[Stored records]
..............................
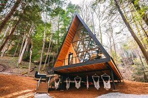 一棟在森林里的特色民宿三角形度假木屋可以滿足一家人的開銷...
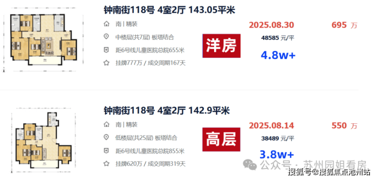 从二手房交易数据来看,洋房挂牌价普遍比高层要高,换手率与溢价率均显著高于高层产品。
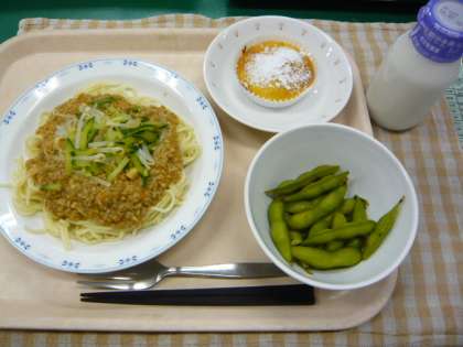7/3 本日の給食 公開日 2014/07/03 更新日 2014/07/03 給食 〜今日の献立〜 ジャージャー麺 牛乳 えだまめ かぼちゃのケーキ 〜給食メモ〜 今日の給食には、今が旬の「枝豆」を出しました。そこでクイズです。枝豆は、成長すると名前がかわります。何という名前になるでしょうか? 1.そら豆 2.うずら豆 3.大豆 ※クイズのこたえは、「食材がとれたところ…」の最後にのせています。 食材がとれたところ・・・ 閉じる 豚ひき肉…茨城県 鶏卵…青森県 にんにく…青森県 しょうが…高知県 たまねぎ…愛知県 にんじん…千葉県 きゅうり…埼玉県 もやし…群馬県 えだまめ…群馬県 かぼちゃ…静岡県 クイズのこたえは、3の「大豆」です。成長すると、名前がかわるだけでなく、栄養素もかわります。枝豆にはビタミン、大豆にはたんぱく質がたくさん入っています。食べものには、それぞれよいところがあります。すききらいぜず、残さず食べましょう。
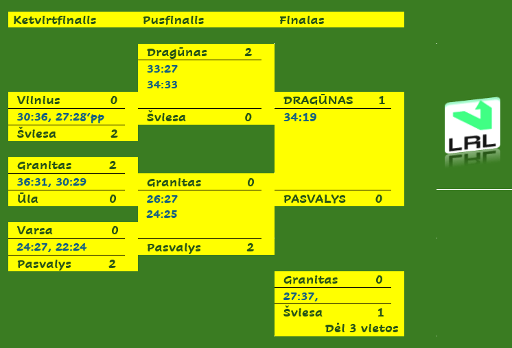 Pirmosiose didžiojo finalo rungtynėse Klaipėdos „Dragūnas“ nugalėjo Pasvalio „Pieno žvaigždes“ 34:19 (15:12). Didžiajame finale žaidžiama iki trijų pergalių.
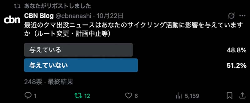 先日「最近のクマ出没に関するニュースはあなたのサイクリング活動に影響を与えていますか(ルート変更・計画中止等)」というアンケートをXで実施しました。ご参加いただいた皆様、誠にありがとうございます。
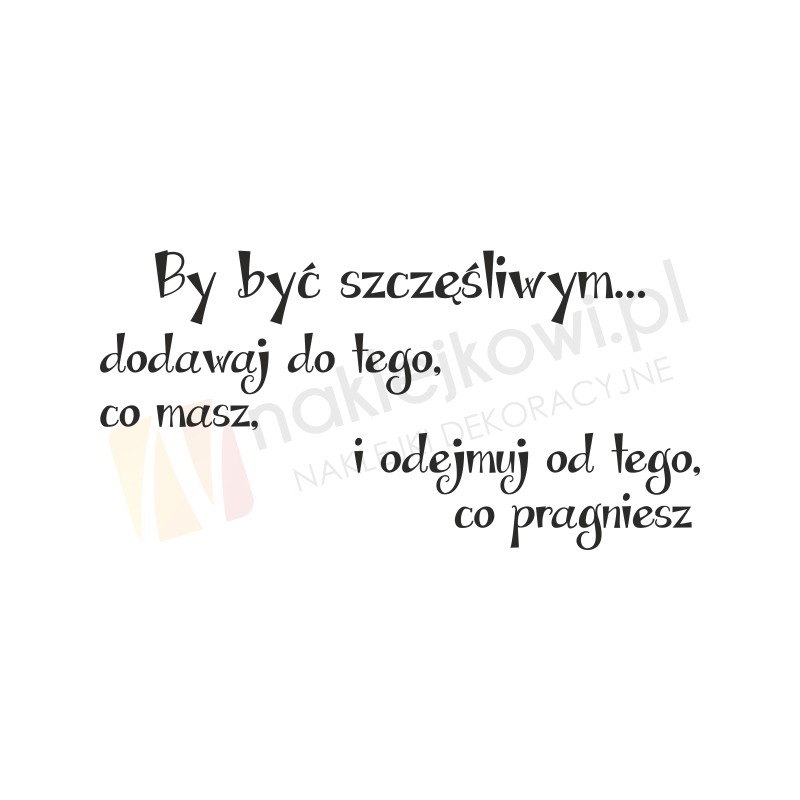 Naklejka dekoracyjna "By być szczęśliwym... dodawaj do tego co masz i odejmuj od tego, co pragniesz" to sposób na kreatywną zmianę wystroju wnętrza salonu, pokoju dziennego czy pokoju młodzieżowego.
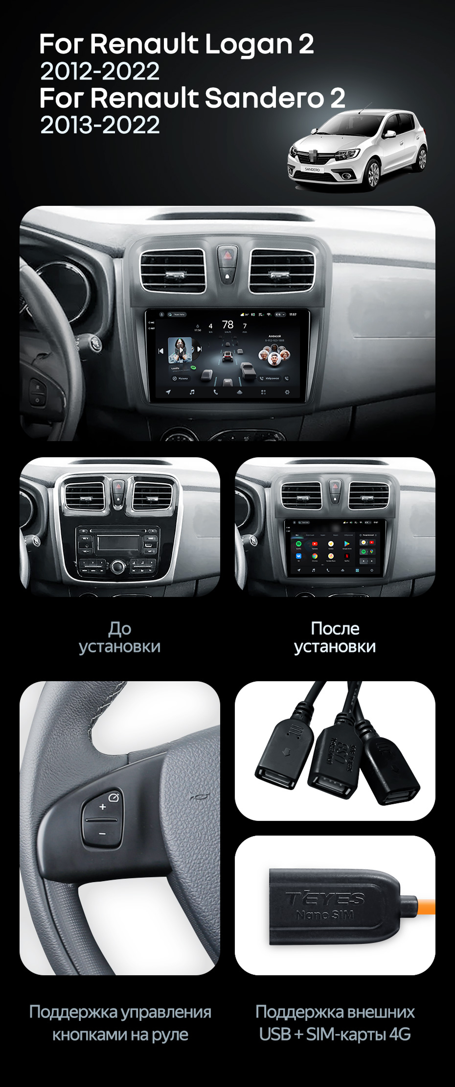 Штатная магнитола Teyes CC4 8/128 Renault Logan 2 (2012-2022) F2 - купить всего за 47 700 руб. в интернет-магазине в Королёве Teyes.com.ru. ✓ Самый лучший выбор мультимедиа ✓ Лучшая замена штатному ГУ ✓ Тел. +7 (800) 775-31-74
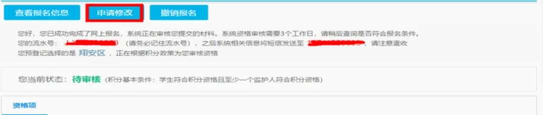 报名提交后,如填写信息有误,点击“申请修改”,待教育局审核通过后,可对提交信息进行修正。
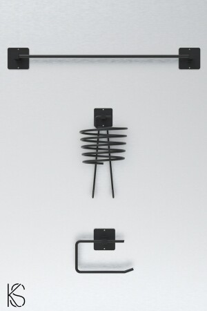 متجر MNZ-Kılınç ملصق 3 قطع معلقة مُجفف الشعر الأسود ، رف الحذاء ، حامل ورق المرحاض ، مجموعة الحمام. محتوى الحزمة:
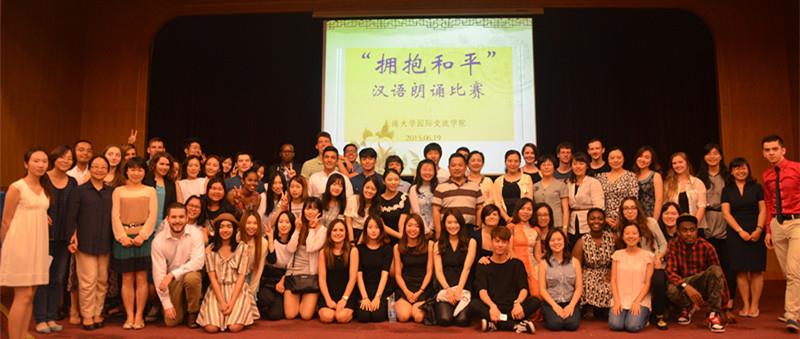 比赛开始前,国际交流学院党总支书记王海燕致辞。王老师在致辞中充分表达了对本次活动的良好祝愿,并特别指出举办朗诵大赛的目的不仅是为了提高留学生的汉语能力、丰富留学生的课外文化生活,更是为了纪念世界反法西斯战争胜利70周年,让和平永留人间。
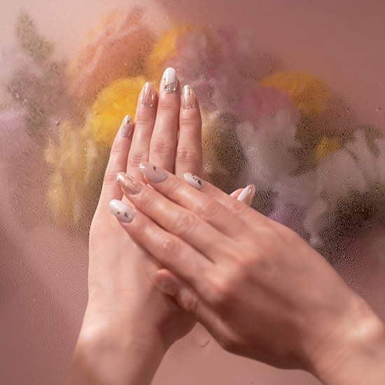 ●爪に油分や水分、汚れが付着しているとシールが剥がれやすくなりますので、爪の表面をキレイに拭き取ってください。
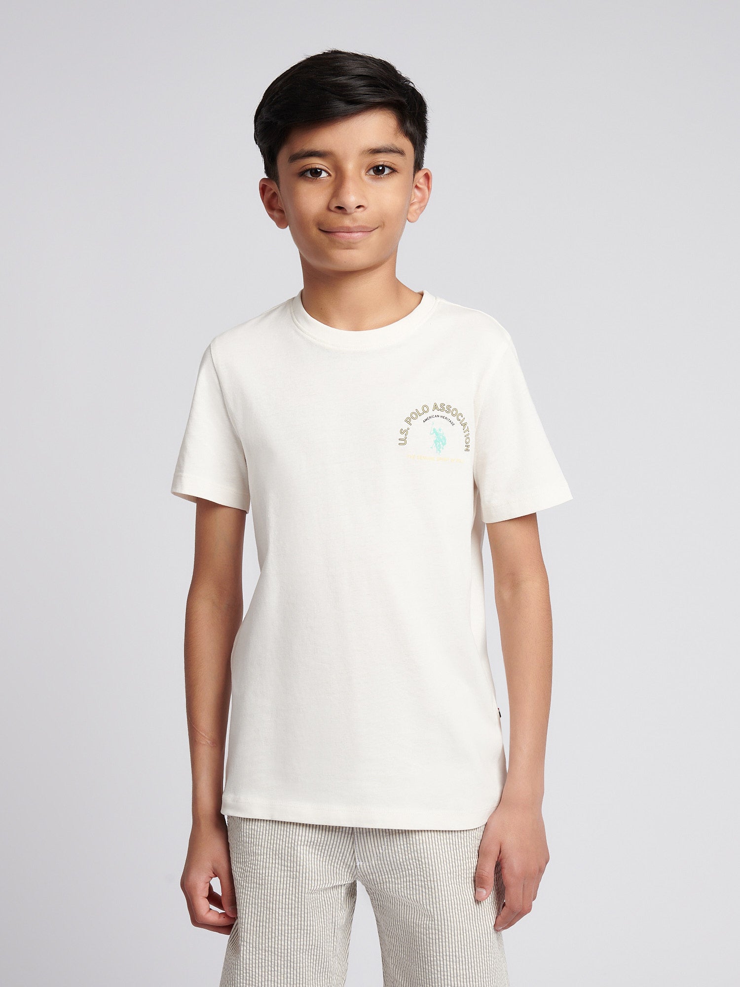 Boys Front Back Print Graphic T-Shirt in Whisper White
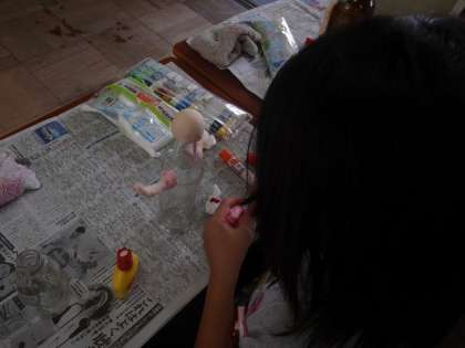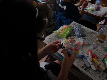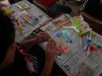 紙粘土に絵の具を混ぜて,こねこね こねこね。
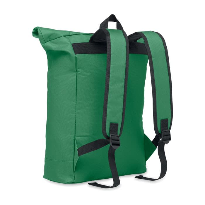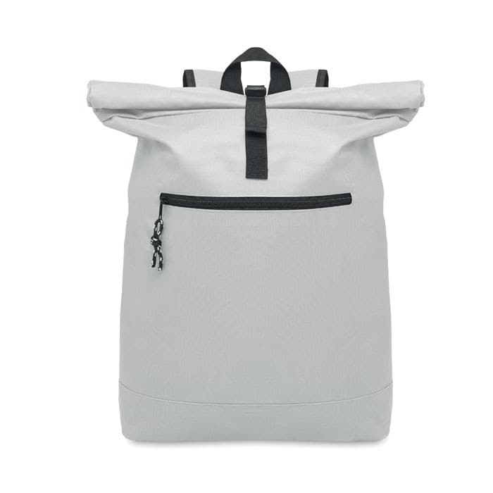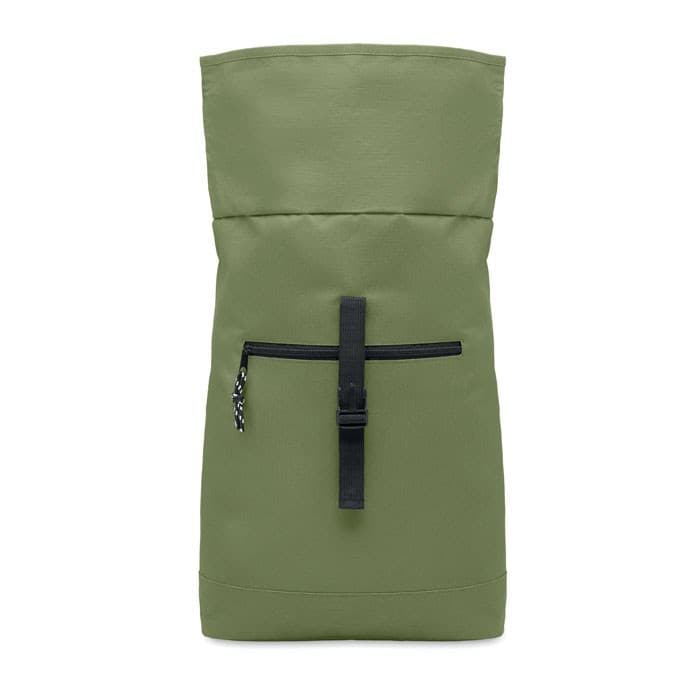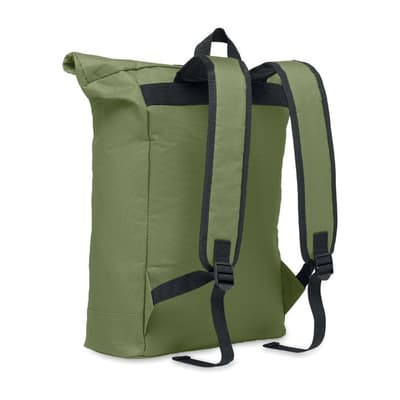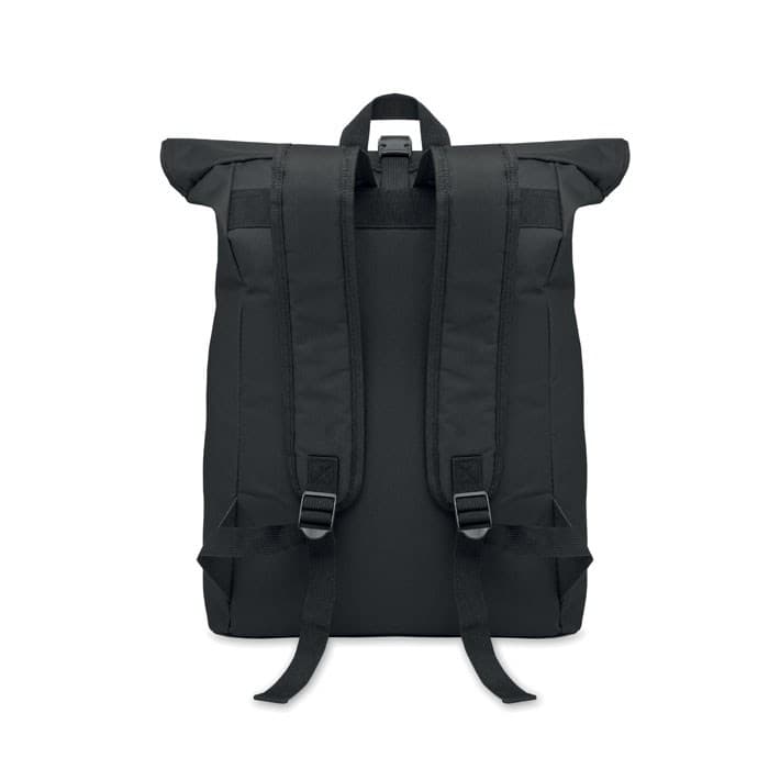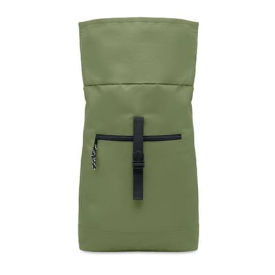 15 inch rolltop laptop rugzak van 600D polyester met gewatteerde achterkant en versterkte bodem. Afsluitbaar voorvak met rits. 210D voering.
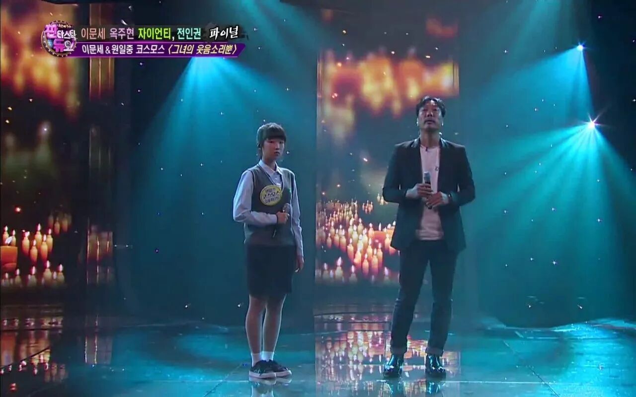 「绝美现场!15岁少女金允熙与57岁情歌王李文世对唱《只有她的笑声》,萝莉与大叔的搭配总藏着太多动人又伤感的故事:
..............................
[WHAT THE TASK ASKS] Give the lines again exactly, starting where the entries begin and stopping once the line with "czy pokoju młodzieżowego." is included; pictures are not copied.

[WRITTEN REPLY]
 一棟在森林里的特色民宿三角形度假木屋可以滿足一家人的開銷...
 从二手房交易数据来看,洋房挂牌价普遍比高层要高,换手率与溢价率均显著高于高层产品。
7/3 本日の給食 公開日 2014/07/03 更新日 2014/07/03 給食 〜今日の献立〜 ジャージャー麺 牛乳 えだまめ かぼちゃのケーキ 〜給食メモ〜 今日の給食には、今が旬の「枝豆」を出しました。そこでクイズです。枝豆は、成長すると名前がかわります。何という名前になるでしょうか? 1.そら豆 2.うずら豆 3.大豆 ※クイズのこたえは、「食材がとれたところ…」の最後にのせています。 食材がとれたところ・・・ 閉じる 豚ひき肉…茨城県 鶏卵…青森県 にんにく…青森県 しょうが…高知県 たまねぎ…愛知県 にんじん…千葉県 きゅうり…埼玉県 もやし…群馬県 えだまめ…群馬県 かぼちゃ…静岡県 クイズのこたえは、3の「大豆」です。成長すると、名前がかわるだけでなく、栄養素もかわります。枝豆にはビタミン、大豆にはたんぱく質がたくさん入っています。食べものには、それぞれよいところがあります。すききらいぜず、残さず食べましょう。
 Pirmosiose didžiojo finalo rungtynėse Klaipėdos „Dragūnas“ nugalėjo Pasvalio „Pieno žvaigždes“ 34:19 (15:12). Didžiajame finale žaidžiama iki trijų pergalių.
 先日「最近のクマ出没に関するニュースはあなたのサイクリング活動に影響を与えていますか(ルート変更・計画中止等)」というアンケートをXで実施しました。ご参加いただいた皆様、誠にありがとうございます。
 Naklejka dekoracyjna "By być szczęśliwym... dodawaj do tego co masz i odejmuj od tego, co pragniesz" to sposób na kreatywną zmianę wystroju wnętrza salonu, pokoju dziennego czy pokoju młodzieżowego.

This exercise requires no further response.